Introduction

Thematic analysis is one of the most widespread and flexible methods in qualitative research. It is used to identify, organize, and interpret recurring patterns of meaning within data. This method is not bound to a specific theoretical framework but can be employed by researchers coming from different epistemological standpoints. Its flexibility makes it particularly useful for novice researchers, as it provides fundamental skills that can later be applied to more specialized analytic approaches.

Purpose of Thematic Analysis

The primary aim of thematic analysis is the systematic recording and categorization of patterns of meaning—referred to as themes—that emerge from interviews, observations, or other research material. Through this process, the researcher does not simply uncover pre-existing themes, but actively co-constructs meaning in continuous interaction with the data. The goal is to produce an interpretation that answers the research questions and highlights participants’ experiences on a collective level. At the same time, a key methodological challenge arises: to what extent do the “common themes” identified by the researcher truly reflect shared experiences, or are they heterogeneous opinions merged arbitrarily? This makes reflexivity, attentiveness, and theoretical sensitivity indispensable for the researcher, in order to avoid simplistic or misleading generalizations.

Methodological Steps

The process of thematic analysis involves sequential steps that allow the researcher to systematically organize the interpretation of the data.

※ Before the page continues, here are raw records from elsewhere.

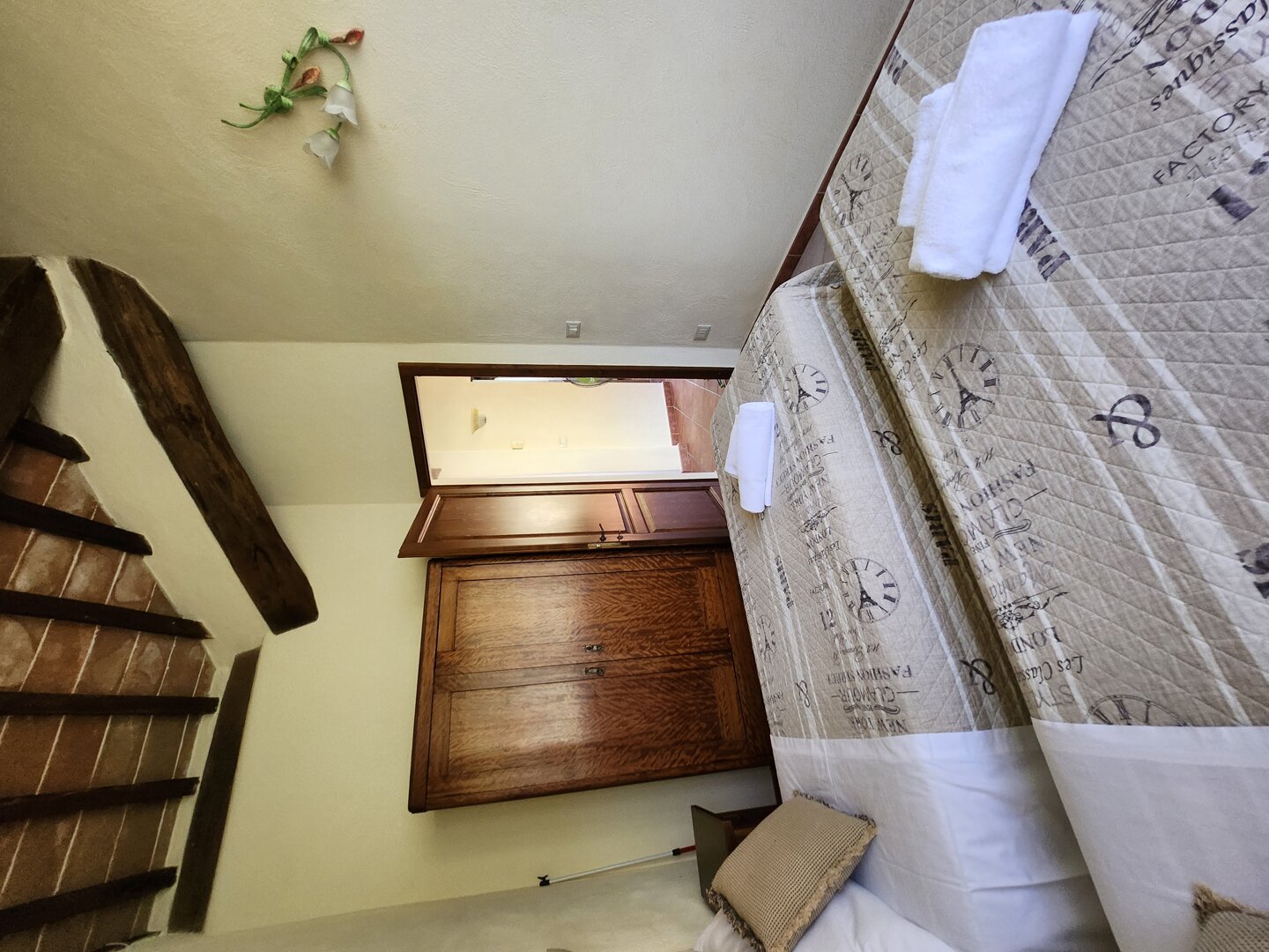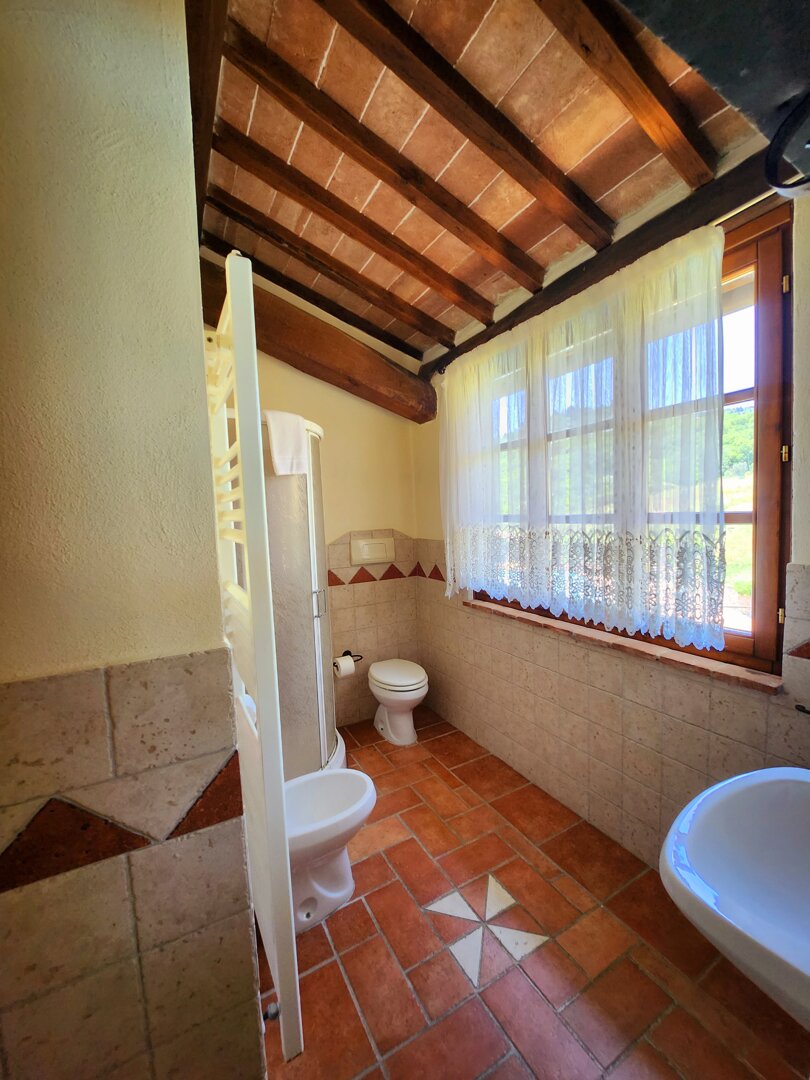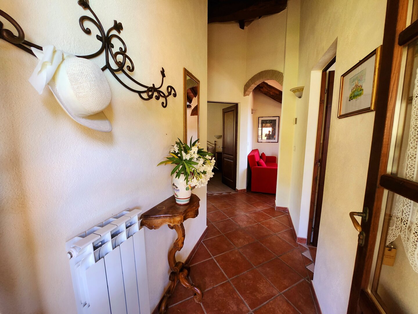 Located on the first floor this comfortbale verylight large apartment has a small balcony in the front of the entrace and a big furnitured private terrace with amazing view on the hils and Volterra , comprises of:
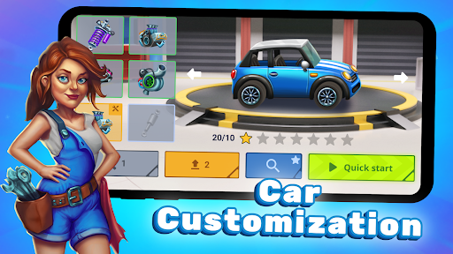 Your own garage. Nothing pleases a real racer like a beautiful car. Build and drive the car of your dreams. Win a dozen of different skins! Buy upgrades for your cars in the store. Collect resources and make a real beauty out of your vehicles.
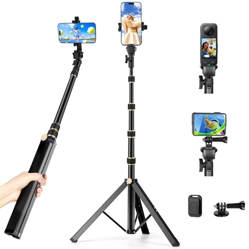 Ufanore - حامل ثلاثي القوائم 1.7 متر لموبايل آيفون، حامل قابل للتمديد مع جهاز تحكم عن بعد، حامل موبايل دوار 360 درجة، عصا سيلفي قوية من الألومنيوم بأرجل عريضة وأنبوب أكثر سمكًا، مقابض قفل ذهبية من انفانور
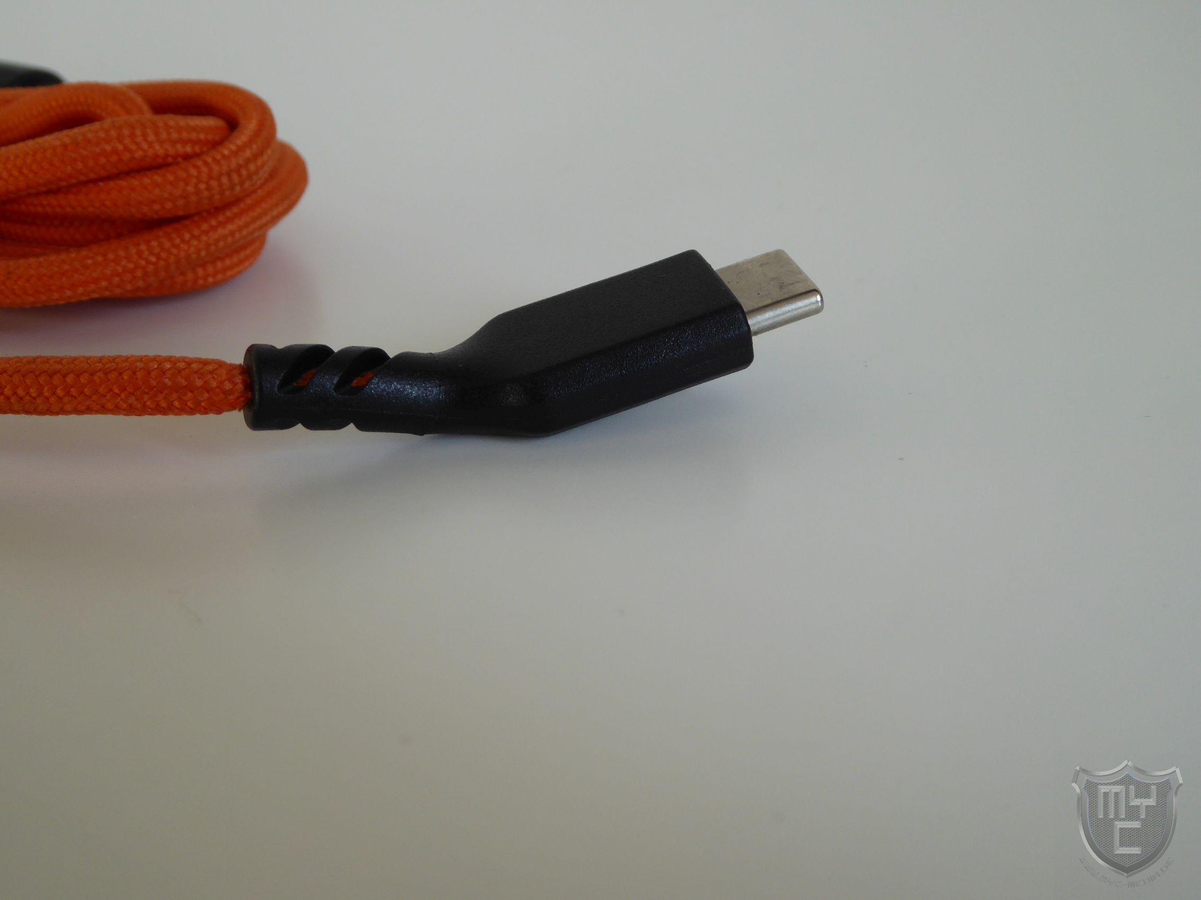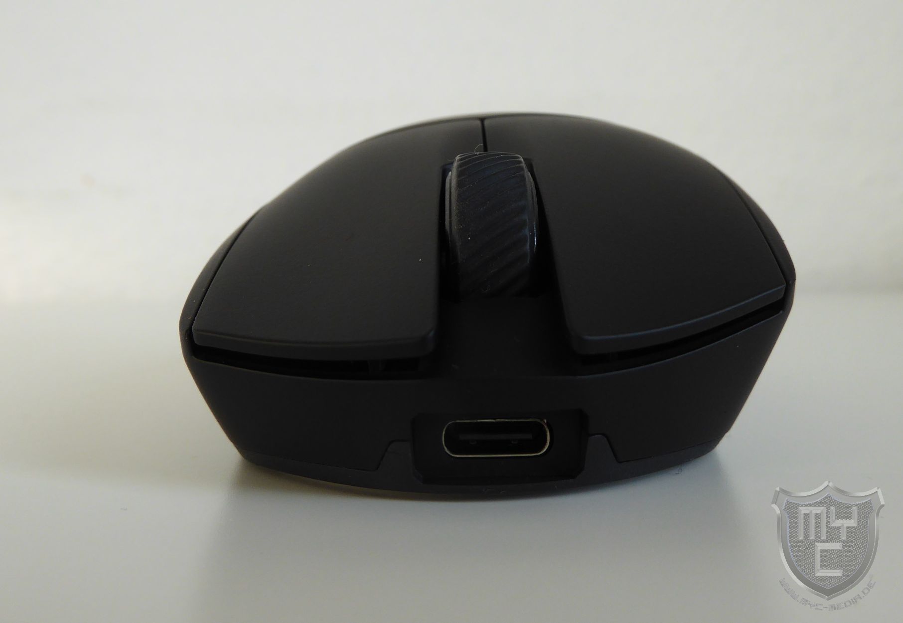 Betrachtet man die Maus einmal von der Vorderseite aus, so ist neben den zur Mausvorderseite hin schmaler werdenden sowie leicht gewölbten Maustasten auch eine vertieft eingelassene USB-C Buchse zu erkennen. Außerdem kann man erkennen, dass der ganze Körper der Maus insgesamt etwas auf die rechte Seite geneigt ist. Dies soll die Ergonomie weiter erhöhen.
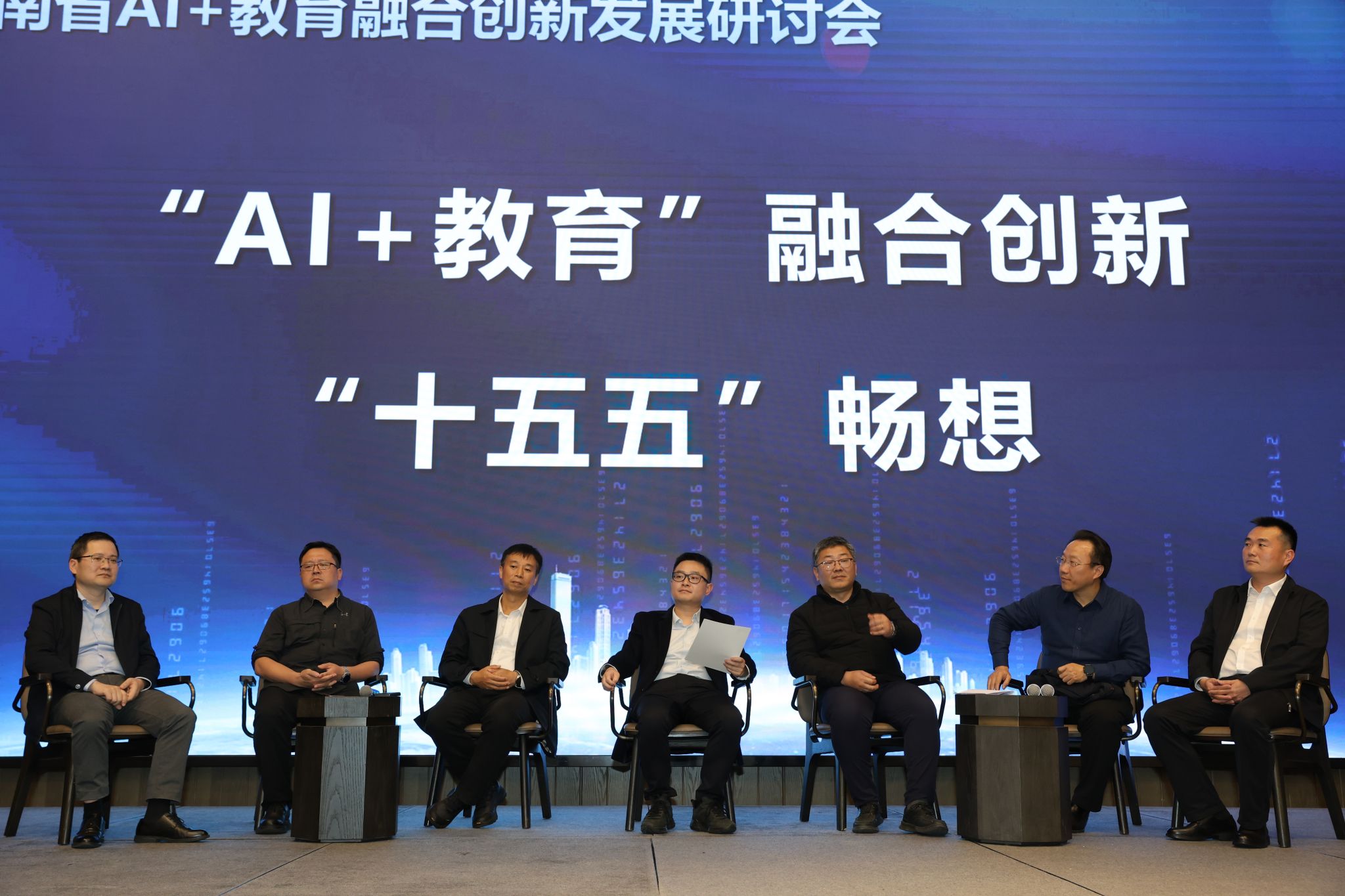 研讨环节中,三位专家和省内高校、企业界的与会代表结合各自实践经验,围绕AI驱动教育教学变革、数智资源建设、教育治理智能化等议题展开热烈交流。
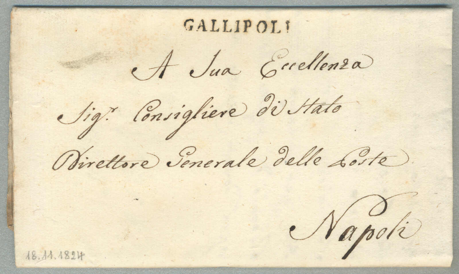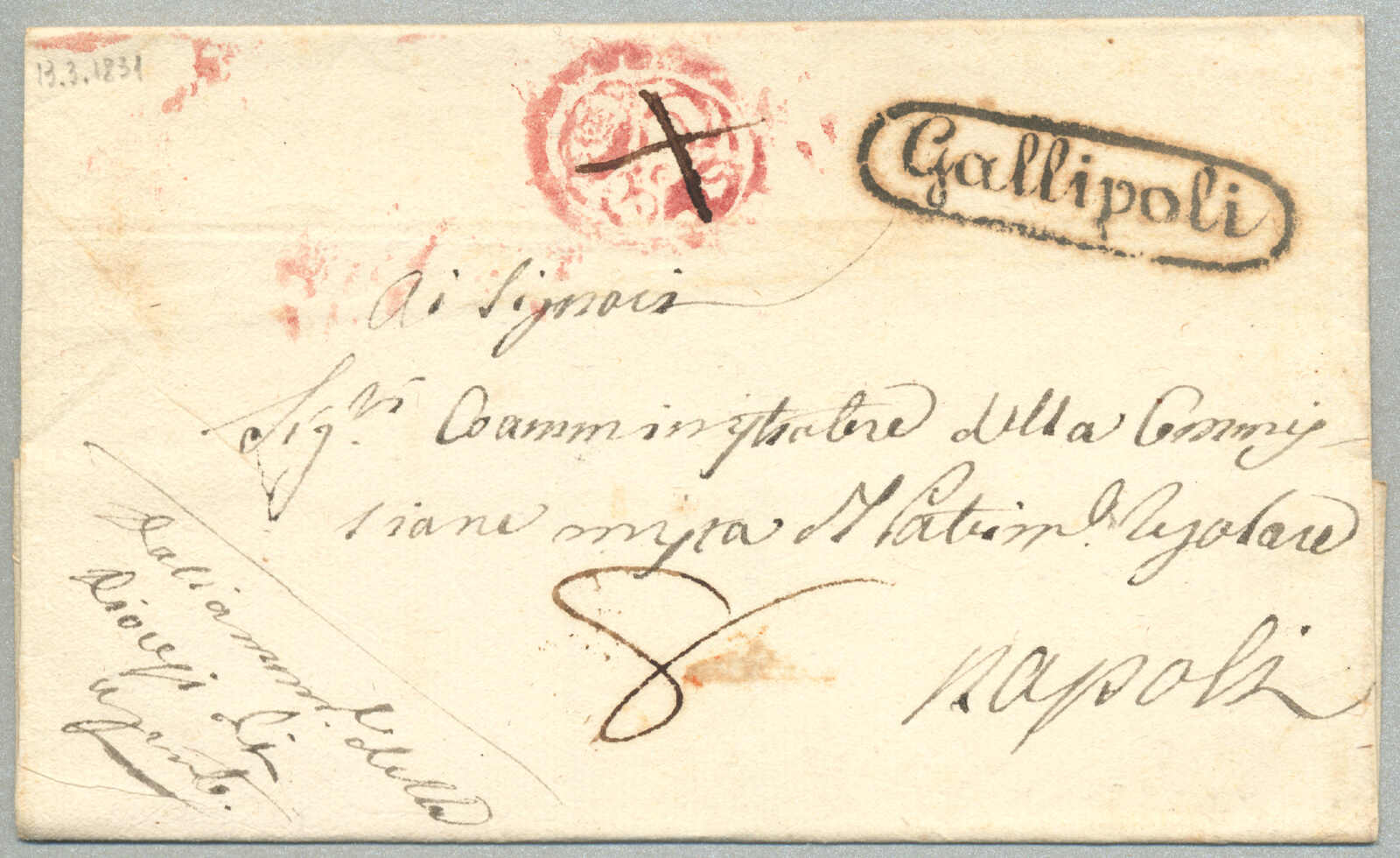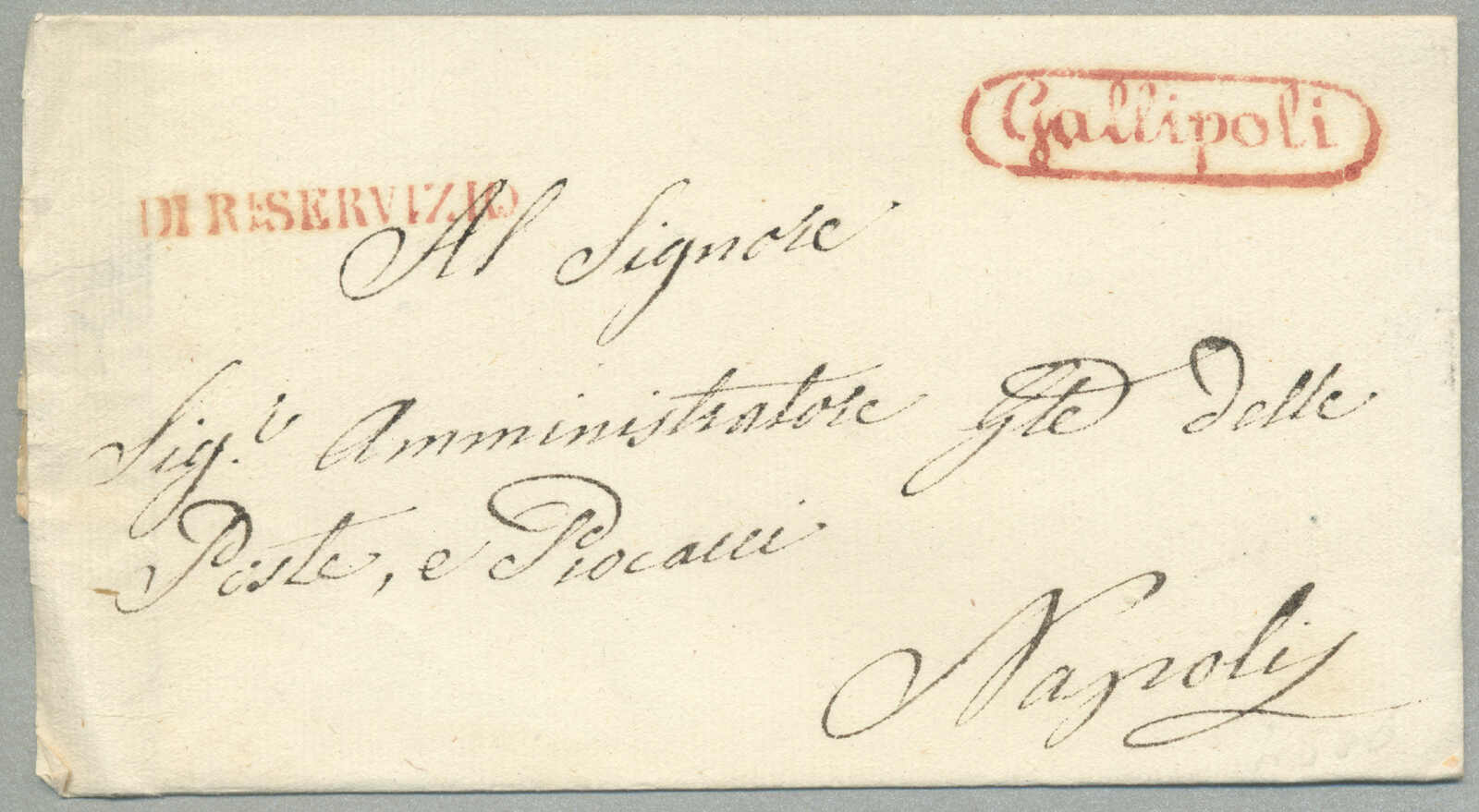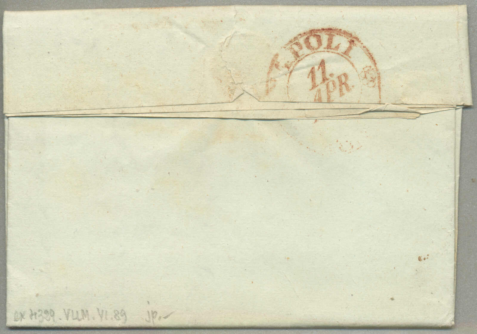 about 1830s, with neatly strike of red GALLIPOLI, on folded letter, ex Provera, XF! Estimate 200€.
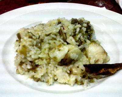 Preparación: Ponemos a hidratar las algas 15 minutos. Sacamos la piel del bacalao y reservamos, troceamos el pescado en trozos pequeños, troceamos la piel en tiras y freímos en el aceite de oliva hasta que estén doradas, reservamos. En una cazuela apropiada, ponemos el aceite de freír las pieles, los ajos picados y el puerro troceado, una vez este tierno el puerro añadimos las algas picadas y el bacalao, salteamos, añadimos el arroz, salteamos el conjunto y añadimos dos vasos y medio de agua caliente por vaso de arroz, cocer 15 minutos sin mover. Si decidimos poner los berberechos, abrirlos al vapor en otra sartén, desechar los que no se hubieran abierto y añadir al arroz en el último momento.
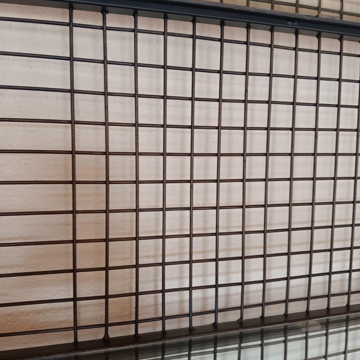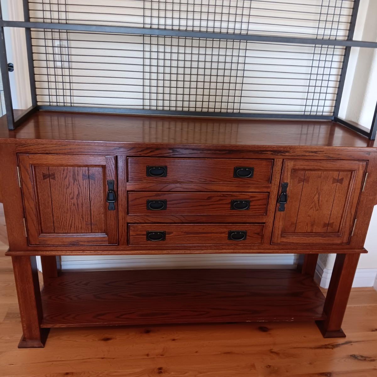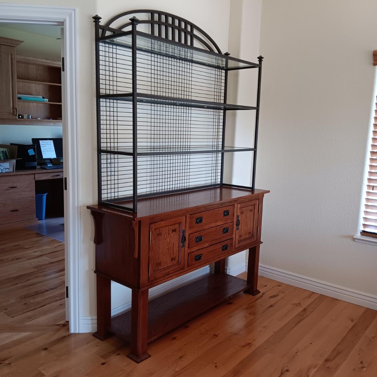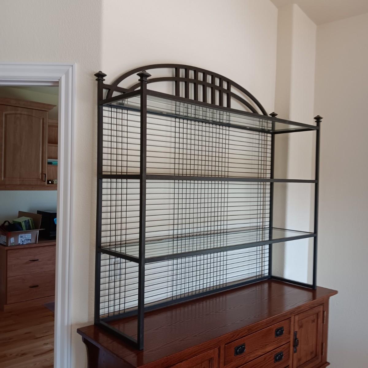 UNIQUE BUFFET WITH METAL FRAME GRID PANELED HUTCH THAT HAS 3 GLASS SHELVES
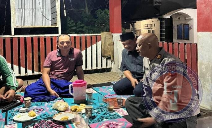 Suasana akrab tercipta saat warga dan aparat kepolisian duduk bersama membicarakan situasi kamtibmas di lingkungan mereka.
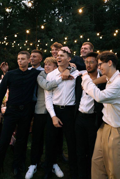 Джентльмены: Костюм или сочетание рубашки и брюк. Классические тёмные цвета всегда уместны, но, если захочется, можно опираться на палитру этого дня
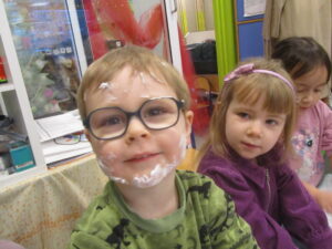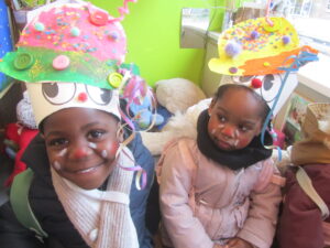 Ik maak van sneeuw een witte reus, sjaal, bezem, wortelneus. Op zijn hoofd een hoge hoed, dag meneer de sneeuwman, het staat je goed!
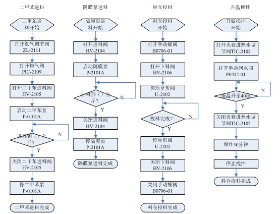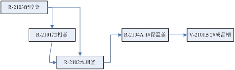 批次執(zhí)行過程中,控制站里組態(tài)好的順序控制邏輯會一步步執(zhí)行,提示操作工按照操作規(guī)程一步步操作。例如微膠囊產(chǎn)品A的控制邏輯如下:

Transcription of the interview

The first step involves transforming recorded interviews into written text. Transcription is not a purely technical process but already a first stage of interpretation, since the researcher decides what to record and how to represent it. Accuracy in the rendering of spoken language is crucial, while it is recommended to use simple notation systems that also capture paralinguistic features, such as pauses, laughter, or emphatic intonation.

Familiarization with the data and identification of extracts

Next comes a careful reading of the material and the selection of extracts that are directly relevant to the research questions. This process reduces the complexity of the data and enables the researcher to focus on more manageable sections of text, which can then be compared to identify common meanings or variations. In this way, the transition is facilitated from the totality of the data to specific, targeted parts that provide answers to the research questions.

Coding

The following stage is coding, where the researcher assigns conceptual labels to segments of the data. Codes can be descriptive, reflecting the explicit content, or interpretive, uncovering underlying meanings. Importantly, the researcher can make use of pre-existing theoretical categories, which should not be restrictive but serve as sensitizing tools that broaden the researcher’s perspective and help identify significant aspects of meaning. Thus, coding is not a mere categorization exercise, but a creative process of interpretation.

From codes to themes

Once codes have been generated, the next stage is to construct themes. Themes represent broader and more abstract categories that result from organizing, comparing, and synthesizing codes. They constitute recurring patterns of meaning that are essential for understanding the phenomenon under study. At this stage, creativity and theoretical depth are required, as themes are not simply discovered but actively constructed by the researcher through analysis.

Reporting the findings

The final stage is the presentation of findings. Each theme is described and analyzed in detail, always in relation to the research questions. Different dimensions, nuances, and even contradictions that characterize each theme are highlighted to capture the complexity of the phenomenon. Reporting goes beyond a descriptive account: it interprets the data and links the findings back to the study’s theoretical framework.

Conclusions

Thematic analysis is one of the most significant and accessible methods of qualitative data analysis. It offers a flexible yet systematic framework for identifying and organizing patterns of meaning. It is not a mechanical procedure but requires creativity, insight, and theoretical preparation. For novice researchers, thematic analysis functions as a starting point that allows them to practice understanding and processing qualitative data. For more experienced researchers, it serves as a reliable tool that combines clarity with depth. Overall, thematic analysis is a method that respects the complexity of participants’ experiences, organizes the data into thematic structures, and produces rich interpretations that address research questions. Its use must be guided by the purpose of the study, the available data, and the researcher’s epistemological stance, in order to maximize its effectiveness.